Exciting days ahead for fintech startup Loanstreet

  • In talks to raise new funds, plans to launch new services soon
  • Debt and bankruptcy advisory services spell new monetisation opportunities

Exciting days ahead for fintech startup LoanstreetTHERE has not been time to catch a breather for Loanstreet Sdn Bhd cofounder Jared Lim Chu Ern (pic), as over the past year, he has been working hard to take his financial services business to the next level.

His company owns and operates the Loanstreet.com.my  loan comparison portal, and also provides independent loan advisory services free of charge.
  
“We achieved about 300 to 400 enquiries a month early this year. Our aim is to hit 1,000 monthly enquiries by the end of this year. That is our only target for now,” Lim tells Digital News Asia (DNA) via email.
 
“From the available data, we believe that we are on track to achieving this target. In fact, our numbers in September are at least double what we were doing in January,” he claims.
 
Although Lim and his partner Robin Ang incorporated Loanstreet in 2010, the portal was only launched in August 2012 because they needed time to save up money to fund the venture.

Within six months of the launch date, Loanstreet was able to convince local and international banks to be on its portal, including Maybank, RHB, OCBC and Standard Chartered.
 
That was just the beginning.
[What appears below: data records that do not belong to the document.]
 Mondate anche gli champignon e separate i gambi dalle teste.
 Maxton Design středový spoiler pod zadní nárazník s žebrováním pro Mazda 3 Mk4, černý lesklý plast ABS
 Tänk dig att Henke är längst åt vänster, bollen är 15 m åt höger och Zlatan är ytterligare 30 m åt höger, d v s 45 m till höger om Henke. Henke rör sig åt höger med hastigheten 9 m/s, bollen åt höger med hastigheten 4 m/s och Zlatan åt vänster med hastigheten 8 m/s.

In September 2013, Loanstreet became one of two startups to be the first recipients of the Star Accelerator Fund, with the other recipient being Geob International Sdn Bhd.
 
The fund was launched by Malaysian media giant Star Publications, which published the country’s No 1 English daily newspaper The Star, and owns a host of web properties and radio stations.
 
This has been Loanstreet’s only round of funding so far. While the details of the Star Publications funding is confidential, it is public knowledge that the accelerator fund has two categories of funding: A pre-seed fund that can go up to RM300,000 and a seed stage fund that can go up to RM1 million.
 
[RM1 = US$0.31]
 
Growing rapidly
 
Since receiving its funding, Loanstreet has been working on growing its portal by introducing more services for end-users, according to Lim.
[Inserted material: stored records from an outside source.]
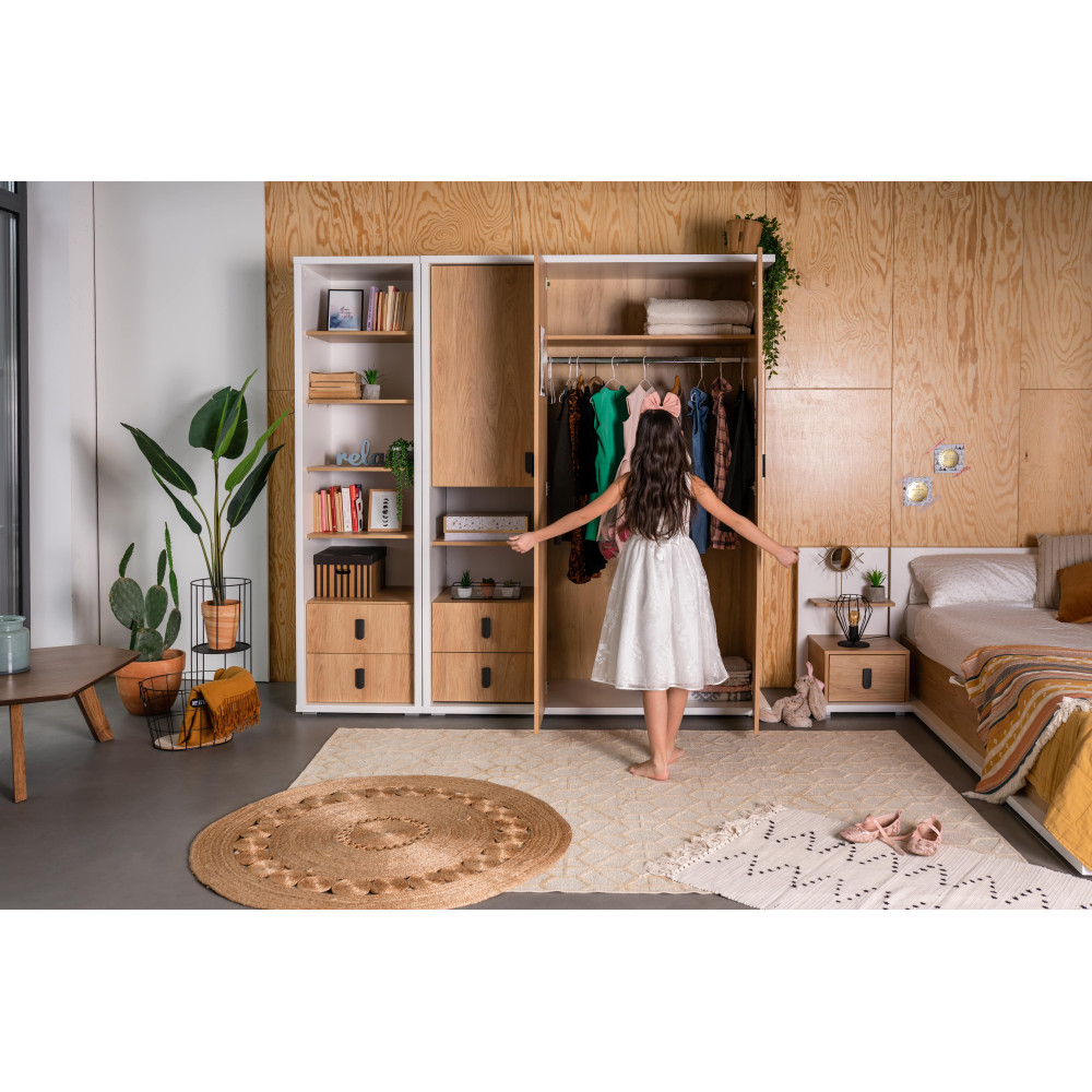 Ponadczasowe zestawienie bieli i dekoru o ciepłej barwie drewna hikora nadaje regałowi przytulny charakter, wprowadzając harmonię do każdego pomieszczenia. Subtelne detale oraz staranne wykonanie sprawiają, że regał nie tylko spełnia swoje funkcje, ale także staje się stylowym akcentem, który wzbogaca aranżację wnętrza.
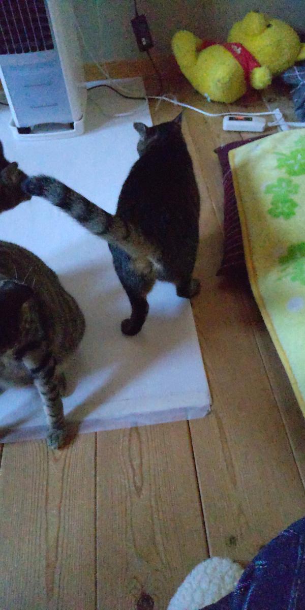 寝室に入って来ると、必ず私に鳴いて挨拶して通り過ぎていく。
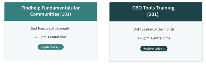 - Register and attend both the Findhelp Fundamentals for Communities (101) and CBO Tool Training (201) webinars offered by our Learning & Enablement team.

The move is necessary, he says, because he knows he is not “exactly alone” in this space.

On the surface, one of its closest rivals would appear to be Intelligent Money, which operates the iMoney portal that has been raising funds very successfully.
 
iMoney positions itself as a financial comparison website, allowing users to compare home and personal loans, but also has tools for users to compare mobile plans, unit trust, car insurance and others.
 
Although Loanstreet does include mobile plan or unit trust comparisons, Lim believes there is ample opportunity for the company to differentiate itself and stand out from its rivals.
 
This year, Lim has been busy working on bringing new services to market. The aim, besides helping Loanstreet capture a larger audience, is also about establishing itself as one of the leaders in the loan comparison services business.
 
Recently, it launched three new services: Debt restructuring advisory, bankruptcy advisory, and update services for CTOS records. (CTOS is a credit reporting agency, as per Malaysia’s Credit Reporting Agencies Act 2010.)
 
When it comes to debt restructuring advisory services, it is by no means the lone player in that space either.
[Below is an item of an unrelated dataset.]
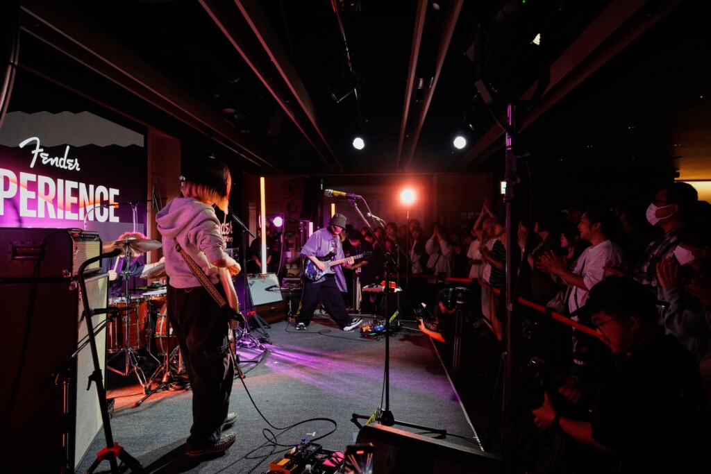 オープニングトークを経てライヴがスタート。最初に届けられたのは「アウトバーン」。夕日がメインヴォーカルを務めつつも、かほ、大樹の歌声も随所で加わるコンビネーションが心地良い。もちろん、フェンダーのギターとベースが大活躍であった。Player II Modified Stratocaster(Sunshine Yellow)でシャープなカッティングをしながら歌い、ソロではミッドとローがバランス良く前に出るクランチサウンドを放った夕日。Player II Modified Active Jazz Bass(Olympic Pearl)によるスラッププレイでダンサブルなビートを生んだかほ。NEEの熱量を間近で触れた観客は、掲げた腕を激しく揺らしながら興奮を露わにする。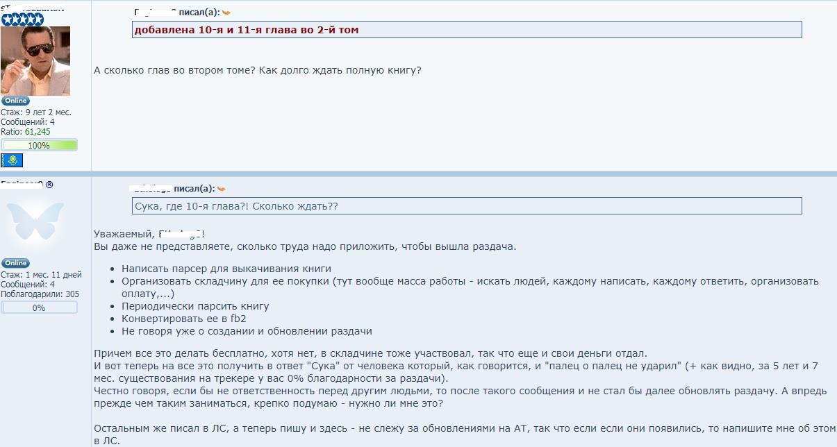 Так вот эта пьеса получила новое, любопытное развитие. Объявился владелец раздачи на торренте и начал объяснять как трудно и непросто пиратить Вязовского. Посочувствуйте ему!

Currently, the Credit Counselling and Debt Management Agency (AKPK or Agensi Kaunselling dan Pengurusan Kredit) also offers financial education, counselling and advice on financial and debt management for free.

So, how is Loanstreet is going to compete against AKPK, an agency set up by the country’s central bank and industry regulator Bank Negara Malaysia?
 
Lim believes that the company is not competing against AKPK. “In fact, we advise any of our customers who can qualify for AKPK’s programme to go for it.
 
“However, AKPK’s mandate is clear in that its services are available to you only if no creditors have initiated legal action against you, and your income must be higher than your total debt burden,” he says.
 
“In that sense, many people who need help are left out,” he adds.
 
Given that Loanstreet is still in its early stage, Lim says the company needs to be “highly selective” about its debt restructuring and bankruptcy advisory services, which come under its ‘customised services requests’ category.
 
In the last three months, Loanstreet has received more than 50 customised services requests, he claims.
 
“In fact, we have successfully helped one client on debt restructuring so far,” he adds.
 
Monetising via new services

Exciting days ahead for fintech startup Loanstreet

These services also provide Loanstreet with new monetisation opportunities. For example, with its bankruptcy advisory service, it also helps customers with applications to the Malaysian Department of Insolvency (MDI) to open a bank account, travel overseas, be discharged from bankruptcy, and so on.
 
For such services, Loanstreet charges between RM2,000 and RM5,000.
 
It also applies service charges for its debt advisory and restructuring services, where it guarantees minimum gross savings of 30% from the original total proof of debt.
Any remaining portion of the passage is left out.